New drugs in pipeline offer 'hope' for advanced cancer paitents
Pioneering immunotherapy drugs could soon be offering new hope to patients with hard-to-treat advanced cancers.
Early clinical trials of one experimental agent, nivolumab, have proved so promising that an application to “fast track” its use for lung cancer is being made in the US.
Another drug, ipilimumab, is already marketed in the UK for melanoma, or malignant skin cancer.
New data to be presented later this month indicates that nivolumab can significantly improve the survival of patients with advanced melanoma, lung and kidney cancers.
Both drugs are produced by the pharmaceutical company Bristol Myers Squibb (BMS) , which has invested heavily in immune-based treatments for cancer.
“The quality of survival that we’re seeing with immune-based therapies is very promising”
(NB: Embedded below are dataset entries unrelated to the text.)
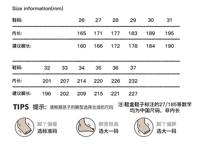 China (cm) 36 - 37 38 - 39 40 - 42 43 - 44 45 - 47
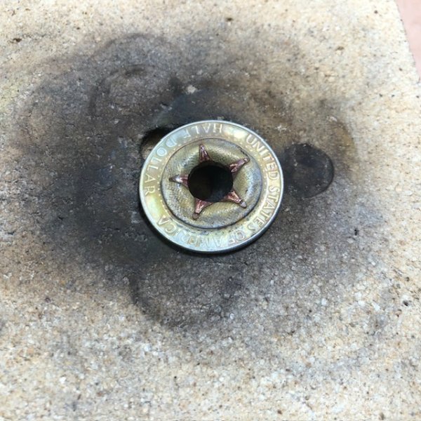 コインリング制作 2025年09月18日 ファニーオリジナルのハーフダラーコンチョをコインリングに加工する試み。 中心部に銀の台座とブラスの星がロウ付けされ、分厚くなっていますが、そこに治具を使って穴開けを行います。 焼き鈍しと成型を繰り返してリングの形に…。 «前 次» 店長日記
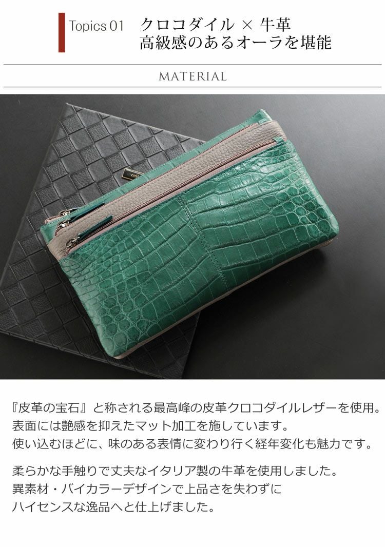 | 素材 | 表側:クロコダイル、牛革 内装:生地、一部本革 |
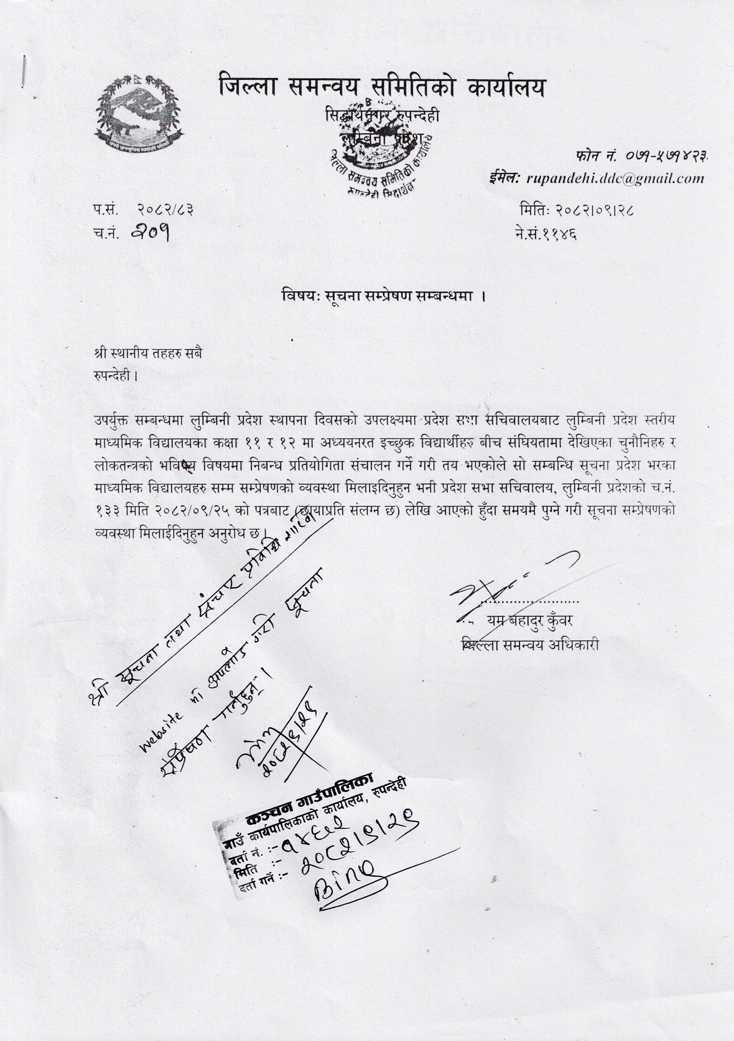 रुपन्देहीको कञ्चन गाउँपालिकाले कञ्चन गाउँपालिकाबाट #एसइईमा उत्कृष्ट नतिजा ल्याएका बिद्यार्थी र विद्यालयहरुलाई विहिवार बधाई तथा शुभकामना दिएको छ ।

A further two agents from the same BMS stable have now entered clinical trials.
The drugs work in different ways but share the same goal − to help a patient’s own immune system fight cancer.
Cancers have a sinister ability to disarm elements of the immune system through biological pathways known as “immune checkpoints”.
The new therapies suppress these pathways, allowing immune cells to recognise, attack and destroy the tumours.
An important aspect of the current and planned research involves investigating combinations of the drugs.
Dr Michael Giordano, head of global development for oncology at BMS, said: “In my view, immunotherapy will represent a treatment option that has the potential for multiple tumour types and will give patients hope and potentially the expectation of long-term survival.
“That’s what I’m excited about,” he said. “The data to date are supporting the view that we can achieve that goal, because we’re seeing activity across multiple tumour types including lung cancer, renal (kidney) cancer, and melanoma.
“And these are advanced, metastatic (spreading) cancers.”
Dr Giordano was speaking as BMS prepares to present results from a battery of trials at the annual meeting of the American Society of Clinical Oncology taking place in Chicago.
He said one of the most ground-breaking looked at using ipilimumab to prevent relapse after surgery.
“These are important results because they extend the potential for therapy to situations where there is minimal or no tumour present,” Dr Giordano said.
The new nivolumab data showed two year survival for heavily pre-treated melanoma with almost half of patients responding to treatment.
More than half of non-small cell lung cancer patients previously treated with three or more therapies also survived two years after receiving the drug.
Up to 71% of patients with advanced kidney cancer who had previously been treated with drugs that target tumour blood vessels lived a year with the treatment.
All were “end-of-the-line” patients who had been given only weeks or months to live.
The promising early results have allowed BMS to seek accelerated regulatory approval for nivolumab in the US.
A “rolling submission” staged application process has now started aimed at making the drug available as a third-line therapy for advanced lung cancer that has failed to respond to two previous treatments.
Talks are also taking place with European regulators with a view to licensing the drug for lung cancer and melanoma in the EU.
Nivolumab works by blocking a protein called programmed cell death 1 (PD-1) which when activated kills or neutralises immune system T-cells.
Many cancer cells make the agent that activates PD-1, thereby shielding themselves from T-cell attack.
Since PD-1 also acts as a vital “brake” on the immune system, suppressing it can lead to unwanted inflammatory side effects.
These can be overcome with anti-inflammatory drugs, Dr Giordano said.
“Most oncologists would say the type of side effects is different, but the severity is something they would find manageable,” he added.
“The quality of survival that we’re seeing with immune-based therapies is very promising.”